Our investigations showed that rel.TC performs poorly in stratifying ALT +ve and ALT –ve tumours due to high amounts of variability between tumour types. However, by combining the proportion of variant repeats with telomere content, we created a robust classifier capable of stratifying ALT +ve and ALT –ve tumours, with 91.6% accuracy, that can be applied across multiple tumour types to begin to elucidate the molecular signatures associated with the activation of ALT. Nevertheless, further development of the classifier, by expanding the training and test datasets to include more experimentally validated tumour types, will increase its specificity and sensitivity. This will involve additional sample collection and experimentation using lab-based ALT and telomerase activity assays.

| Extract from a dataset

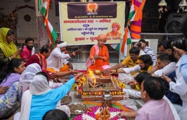 Mahant Divyagiri of Mankameshwar temple performs a special 'Havan' ahead of the launch of ISRO's PSLV-C57 carrying the 'Aditya-L1' spacecraft, Friday, Sept. 1, 2023. (Image: PTI Photo)

A number of limitations of the classifier must be considered. First, our classifier can determine whether ALT is present in a tumour, but is unable to determine if telomerase has been activated. There exists the possibility that both TMMs could co-exist in the same tumour sample, or a tumour may switch or fluctuate between TMMs. Second, we have built our classifier on experimental validation using C-circle activity as indicative of ALT. This was due to the availability of DNA suitable for C-circle analysis. Unequivocal identification of ALT requires an exhaustive array of experimental analyses (10), for which cellular material was not available on this scale. Finally, our classifier has been trained on WGS datasets that were generated from the same sequencing centre using the same machines. As a result, we have not been able to test whether differences in sequencing centres and machines affect classification.

The application of our classifier to a range of tumour types produced estimates for the prevalence of ALT in line with previous reports in the literature, with the exceptions of LGG and STAD, for which our predictions were much lower than previously reported. Differences between our classifier prediction and previous reports can be attributed to the use of different experimental techniques, varying proportions of sub-types of tumours studied, small sample sizes, differing amounts of tumour content, and potential misclassification. Overall, the concordance between our estimated prevalence of ALT across tumour types with the literature provides support that our classifier is tumour type independent.

It has recently been reported that loss-of-function mutations in ATRX/DAXX can be used to determine ALT activation (19,26,39), and that activating mutations in the TERT promoter are indicative of telomerase expression (35,40–42). Our investigation found that, while loss-of-function mutations in ATRX/DAXX and TERT promoter mutations correlated with their respective associated TMMs, they were not exclusive to a single TMM, nor mutually exclusive to each other. This is consistent with published work showing empirically that loss of ATRX can coexist with telomere maintenance by telomerase (43), and that TERT promoter mutations are not enough to cause activation of telomerase (36). The prevalence of these mutations was also found to be tumour type dependent, and overall very low (19.5%), consistent with a previous study of TCGA tumours (26).

ALT cancers are highly correlated with mutations in ATRX, exemplified by previous studies of cancers of the central nervous system, GBM, oligodendrogliomas, and medulloblastomas (17). In our investigation, mutations in ATRX were not significantly associated with ALT activity across all tumour types. This can be explained by a low representation of tumour types with common ATRX mutations in our extensive dataset. Low sample numbers also precluded conclusions regarding the frequency of ATRX mutations in particular tumour types, and limited our ability to elucidate tumour type specific genetic signatures associated with ALT activation. Our investigations into identifying novel TMM associated genes only identified MEN1 as significantly over-represented in ALT +ve tumours, but again, it was not found exclusively in ALT +ve tumours and its prevalence was tumour type dependent. Overall, this demonstrates the limited utility of current genetic markers in TMM classification, due to their low prevalence and tumour type dependence.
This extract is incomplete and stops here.